他只是抬起另一只手,有些机械地、轻轻地拍了拍她的背,动作里带着一种说不出的疏离和疲惫。

        他的目光越过她的头顶,望向窗外沉沉的夜色,嘴角勉强扯出一个极其苦涩、几乎不能称之为笑的弧度,声音轻得像自言自语:“谁让我……是你老公呢。”这句话里,没有往日的宠溺和温情,只有深深的无奈,和一种被责任与道义捆绑住的、无法挣脱的苍凉。
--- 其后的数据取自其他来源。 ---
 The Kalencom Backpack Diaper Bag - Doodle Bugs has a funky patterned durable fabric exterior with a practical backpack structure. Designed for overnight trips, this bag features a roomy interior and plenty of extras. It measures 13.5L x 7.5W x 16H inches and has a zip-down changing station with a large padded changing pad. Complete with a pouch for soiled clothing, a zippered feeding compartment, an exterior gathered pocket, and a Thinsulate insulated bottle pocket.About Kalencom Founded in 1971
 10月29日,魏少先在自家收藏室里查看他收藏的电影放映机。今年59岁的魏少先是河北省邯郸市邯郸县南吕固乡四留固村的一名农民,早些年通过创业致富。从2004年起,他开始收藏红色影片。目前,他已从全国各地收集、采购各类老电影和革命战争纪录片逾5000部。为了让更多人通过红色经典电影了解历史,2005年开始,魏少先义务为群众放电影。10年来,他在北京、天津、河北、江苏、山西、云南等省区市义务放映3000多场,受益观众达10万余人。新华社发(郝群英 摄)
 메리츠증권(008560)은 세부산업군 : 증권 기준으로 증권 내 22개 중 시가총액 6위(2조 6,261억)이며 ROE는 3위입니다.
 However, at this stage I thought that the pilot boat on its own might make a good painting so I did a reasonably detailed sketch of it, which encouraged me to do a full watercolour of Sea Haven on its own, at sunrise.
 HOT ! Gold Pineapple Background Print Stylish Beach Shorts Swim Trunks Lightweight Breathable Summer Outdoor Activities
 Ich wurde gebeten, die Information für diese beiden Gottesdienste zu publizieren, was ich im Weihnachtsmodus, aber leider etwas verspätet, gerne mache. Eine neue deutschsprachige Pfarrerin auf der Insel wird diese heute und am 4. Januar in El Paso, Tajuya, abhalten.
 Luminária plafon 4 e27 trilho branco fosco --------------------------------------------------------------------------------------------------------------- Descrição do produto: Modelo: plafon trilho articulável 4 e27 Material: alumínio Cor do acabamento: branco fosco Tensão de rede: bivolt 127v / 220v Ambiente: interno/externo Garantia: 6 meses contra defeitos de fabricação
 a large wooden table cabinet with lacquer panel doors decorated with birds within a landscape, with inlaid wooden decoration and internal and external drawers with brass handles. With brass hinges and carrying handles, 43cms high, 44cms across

        接下来的一个周末,放假在家的宋晨一早提着水果和营养品,正式登门拜访。

        进门后,他放下东西,径直走到爸爸妈妈面前,郑重地跪了下来,结结实实地磕了三个头。

        “林姨,王叔叔,谢谢你们!”少年的声音诚恳而有力,额头抵着地板。

        爸爸坐在沙发上,面色严肃,抬手示意他起来:“不需要谢我。要谢,就好好谢谢你林姨。无论是之前做试管受的罪,还是以后怀孕生产要吃的苦,都是她一个人在承担。你有时间,多来帮忙照顾着点。”“王叔叔您放心!我一定会的!”宋晨立刻保证,眼神坚定。
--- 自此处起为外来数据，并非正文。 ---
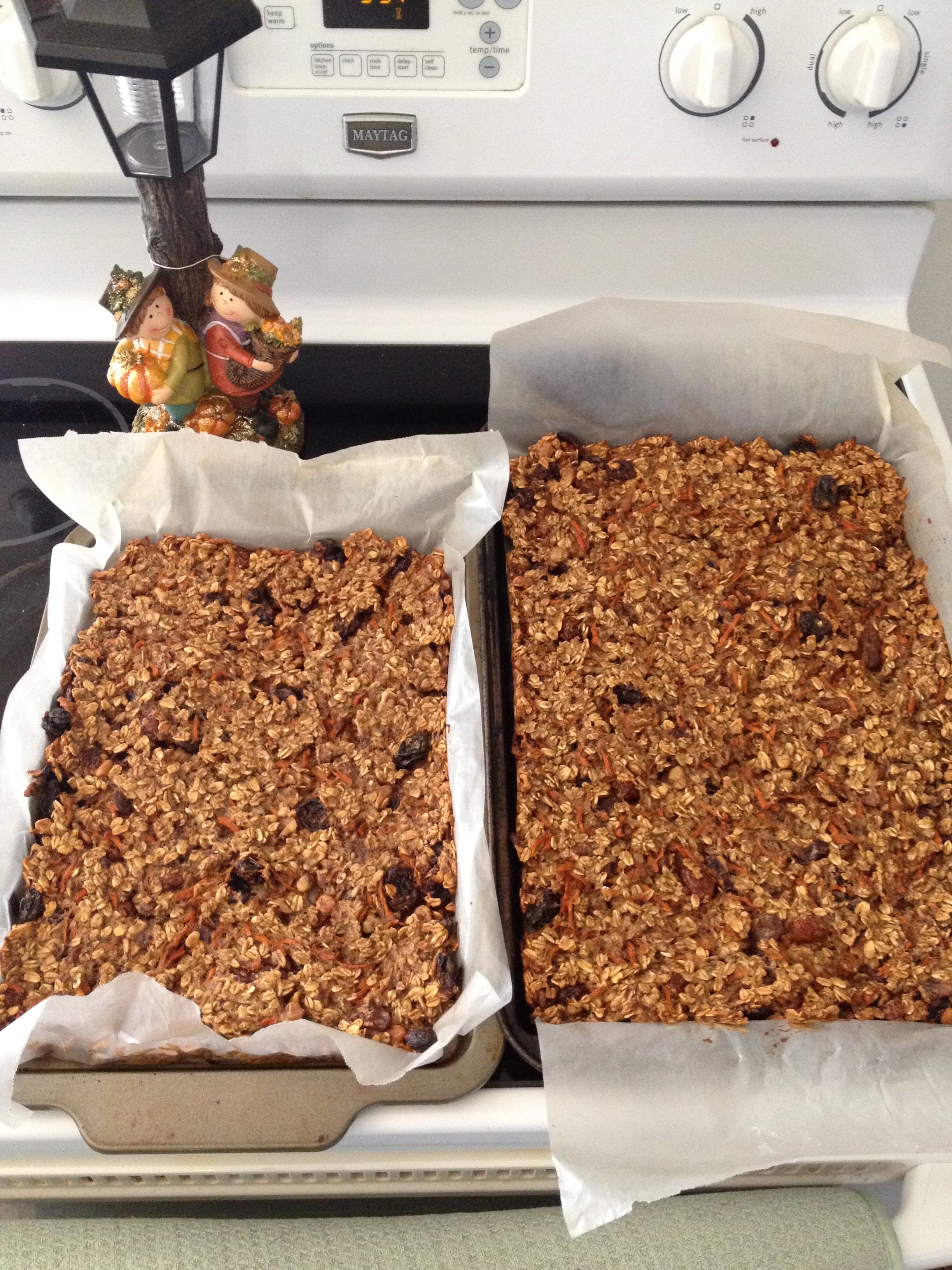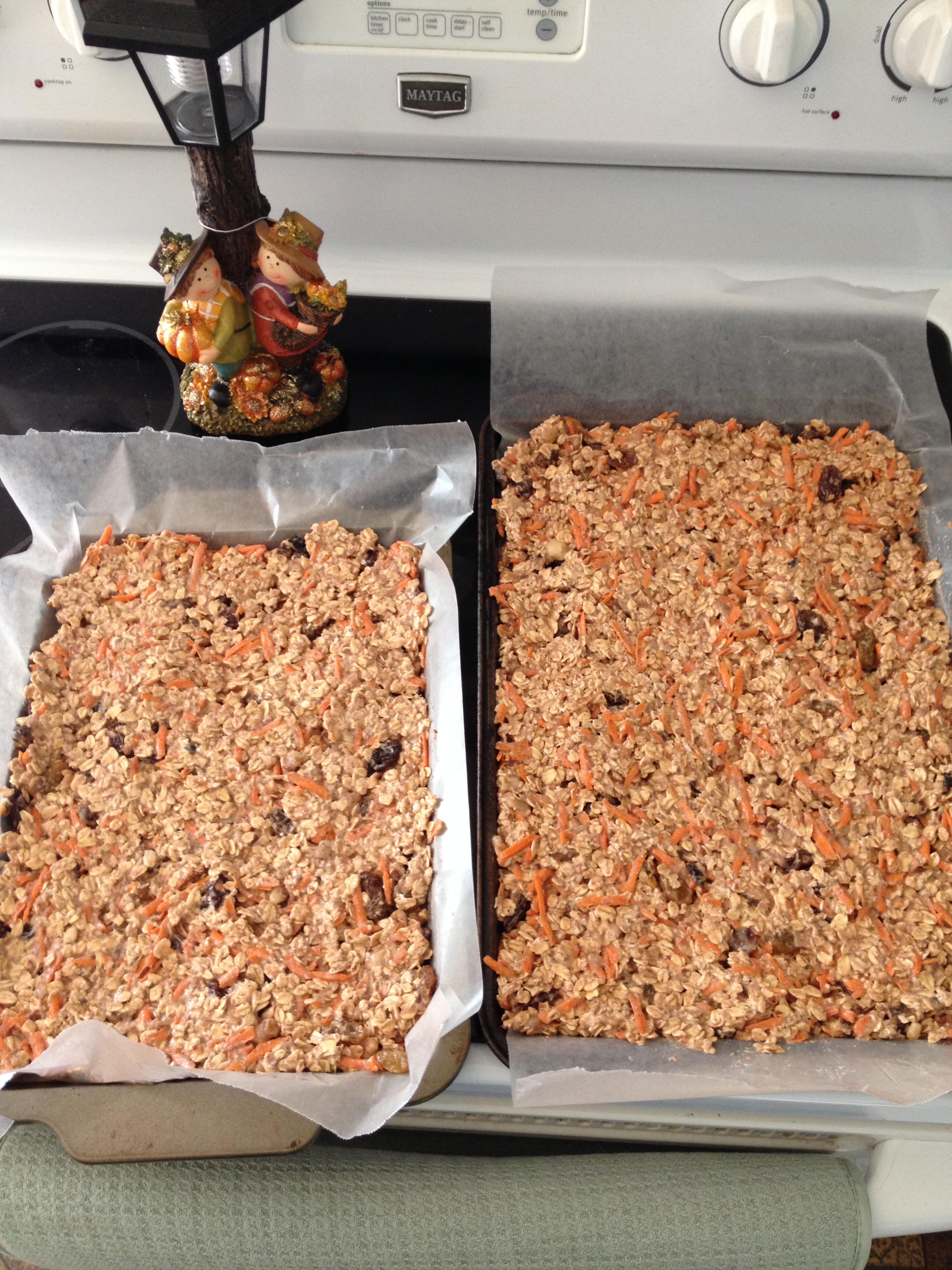 Start by mixing the oats, flax, and baking powder in a large bowl – I don’t know if the powder is really necessary so the next one I’ll try it without. In a smaller bowl mash the bananas with the vanilla – I mash them a little then microwave 30 seconds, mash, micro 30 seconds, then mash again and they are good. I like mine not totally mashed, a little mushy. Add the sugar-free sweetener and spices and mix then add to the oats bowl and mix. Add the unsweetened almond milk and mix. Shred the carrots then add them and the raisins and walnuts and mix. Line baking pan or pans with parchment paper (not wax paper like I had to use – oh man, it all stuck to the paper!) then spread out evenly and bake at 350 degrees for 60 minutes. Let cool then slice and enjoy! Store in a ziplock baggie in the fridge.

        爸爸似乎不想多谈,起身拿起外套:“公司还有点事,我去加班。你们聊。”说完便出了门。

        门刚关上,宋晨就迫不及待地转身,小心翼翼却又充满激动地抱住了妈妈,手臂环着她的腰,不敢用力:“林姨,辛苦你了……”他的手轻轻复上妈妈尚且平坦的小腹,眼神里充满了新奇和敬畏,“他……会动吗?”妈妈被他这副紧张又傻气的样子逗笑了,伸出小拇指比划了一下:“傻孩子,他现在估计还没指甲盖大呢,怎么会动?”宋晨见妈妈笑话他,佯装生气,抬手在她臀上不轻不重地拍了一下:“好啊林姨,你敢笑话我!”妈妈立刻戏精上身,捂住屁股,瞪大眼睛:“哎呀!宋晨你胆子大了!我老公刚走,你就敢打我屁股!”宋晨看着她眼底藏不住的笑意,心痒难耐,一把将她搂进怀里,大手在她臀瓣上揉捏着,另一只手却不老实得很,只是环着她的腰,声音低哑带着笑意:“我不也是你老公吗?”说完,又用力揉了两下屁股,手往裙子里面伸。
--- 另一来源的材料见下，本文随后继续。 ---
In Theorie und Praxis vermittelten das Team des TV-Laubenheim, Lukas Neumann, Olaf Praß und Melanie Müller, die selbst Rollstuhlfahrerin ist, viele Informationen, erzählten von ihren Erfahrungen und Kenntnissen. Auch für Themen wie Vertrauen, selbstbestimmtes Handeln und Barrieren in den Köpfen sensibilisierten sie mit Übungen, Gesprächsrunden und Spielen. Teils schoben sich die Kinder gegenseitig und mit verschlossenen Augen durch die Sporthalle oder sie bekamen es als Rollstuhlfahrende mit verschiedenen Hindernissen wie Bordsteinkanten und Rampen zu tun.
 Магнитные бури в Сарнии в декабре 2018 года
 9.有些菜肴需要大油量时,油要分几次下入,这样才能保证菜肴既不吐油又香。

        妈妈感受到他身体的变化,却坚决地按住他试图下滑的手,正色道:“别闹,前三个月要特别小心,不能有……那个。为了宝宝,我们都忍耐一下,好不好?”

        宋晨脸上立刻露出失望又委屈的表情,像只被夺走骨头的大狗,闷闷地“哦”了一声。